We expect all participants to treat each other respectfully, and to abide by our code of conduct. Participation also requires agreeing to follow the KITP code of conduct.


Detailed schedule

The schedule will be updated with speakers and titles/topics when those are confirmed. Links to recorded talks will be added when available. Please also find all recordings (some public, some private) on the KITP program page. All times quoted are in US Pacific Time (UTC-8).



Program Elements


  • Review talks and moderated open discussion

    The Review Talks will provide a broad overview and introduction into aspects of galaxy formation and evolution and statistical and machine learning applications related to the weekly topic. These review talks are all followed by a moderated discussion sessions, where the research and future prospects can be discussed. Three main questions will form a part of each of these review+discussion sessions:

    • How do we properly compare results between theory and observations?
    • What advantages/disadvantages are there to use ML/data science apporaches in this context?
    • Can data science results in this context be connected to physical interpretation? Should they? And if yes, how?
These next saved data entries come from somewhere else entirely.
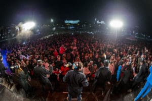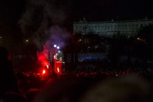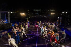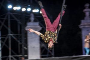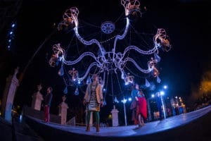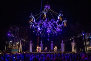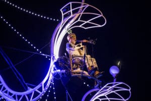 La explanada de Puente del Rey, frente al Campo del Moro, en Madrid Río acogerá este domingo 30 de diciembre de 2018 a las 20.00 horas un espectáculo musical aéreo cuyos músicos tocarán suspendidos de una lámpara gigante de 12 metros de altura y bailarines realizarán acrobacias.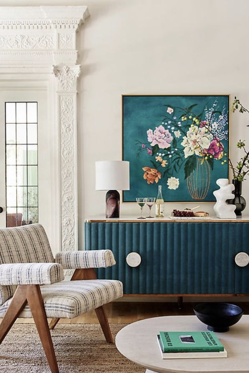Dans la salle à manger, on parle souvent de la table et des chaises. En revanche, il est moins souvent question du buffet qui meuble cette pièce destinée au repas. Pourtant, il est utile. Il est parfois aussi imposant et il compose l'harmonie décorative de la pièce. J'ai eu une période où je ne voulais absolument pas de buffet chez moi. Il faut dire que j'étais traumatisée par le meuble colossal qui était chez mes parents. (Et en plus de prendre de la place, il n'était pas très joli...) Depuis, les choses ont changé!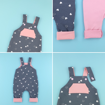 Papierschnittmuster: Schnittmusterbogen & Booklet mit bebilderter Schritt-für-Schritt für eine Baby-Latzhose Größe 50-92.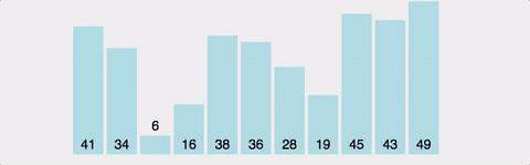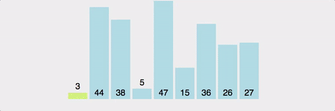 가장 작은 최솟값을 찾고 배열의 맨 앞의 값과 위치를 바꾸면서 정렬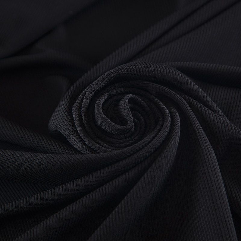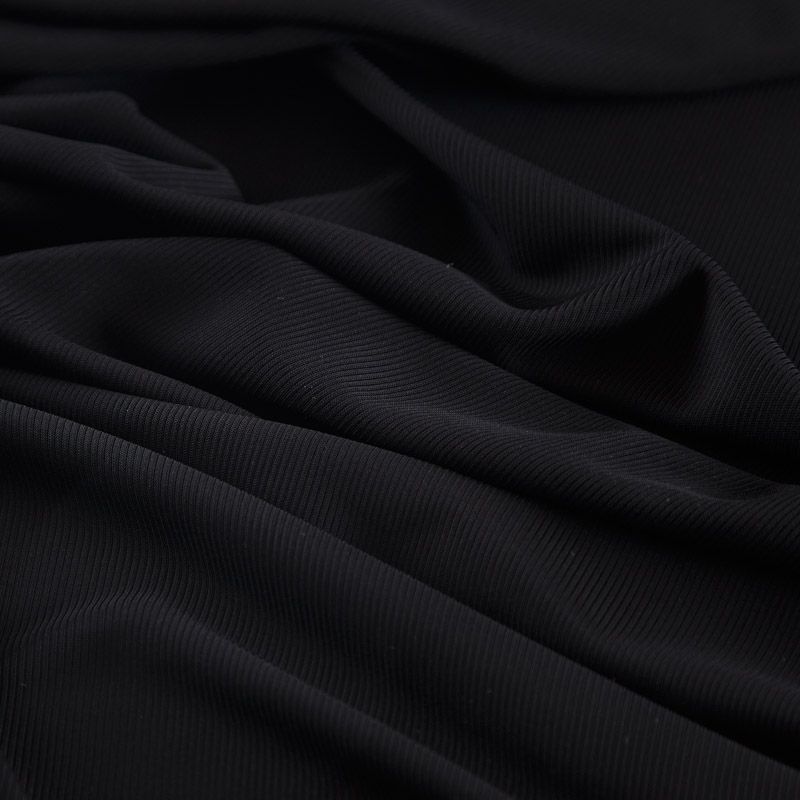 Трикотаж в рубчик 056-17185 черный однотонный в Якутске

  • Lightning & Thunder talks

    The lightning & thunder series exist of 1 slide / 1 min talks to introduce ourselves to each other and in particular our goals for the week/weeks/whole program. A 1-slide lightning talk could highlight your expertise, describe what you would like to learn that week/during the program, and your research/collaborative goals. Ideally, if you present a lightning slide, this would be paired with a thunder slide later in the week/program where you describe what you have learned and what progress you made on your goals. We are flexible in the planning of lightning versus thunder slides, and we expect to see mostly lightning slides in the first weeks, and hopefully more thunder slides toward the end of the program.


  • Tutorials

    The tutorials will address varying topics in galaxy formation and connected machine learning apporaches, or exist of introductions to statistical and/or machine learning tools, techniques and applications. In the virtual schedule there is 1.5 hour reserved for each tutorial, but speakers are asked to aim their tutorial for about 1 hour of interactive work to allow sufficient time for further questions and discussion.
    The tutorials will predominantly use the python programming language, and a familiarity with coding and python is strongly recommended.


  • Networking activities

    The short networking sessions have the goal to allow participants to meet each other, chat about common interests, and perhaps even start new collaborations together. There are currently three sessions reserved for these networking activities, occuring once every two weeks, and alternating with the ethics discussions.


  • Ethics discussions

    We will host short discussion sessions focused around some of the ethical questions connected with machine learning techniques, applications, and access. A few of these questions are also more widely applicable in galaxy evolution research, astrophysics, and/or science as a whole. There are currently three sessions reserved for these ethics-related discussions, occuring once every two weeks, and alternating with the networking activities. Ethics discussions will not be recorded.


  • Short talks

    The short talks exist of 10 minute talks with additional 5 minutes reserve for questions. The aim is to highlight additional views and applications, but also additional questions related to the topics of the week. Additionally, we endeavor to predominantly highlight work by more junior participants in this series.


  • Working groups

    Anyone is welcome to start a working group dedicated to a sepcific topic, technique, or key question. The working groups are lead by volunteers and should be self-organized. During the virtual program most Thursday's are reserved for working groups to have their own meetings and discussions, but both the day and whether to organize meetings is flexible and up to the working group itself to decide. If you are interested in starting a working group on a particular topic please let us know!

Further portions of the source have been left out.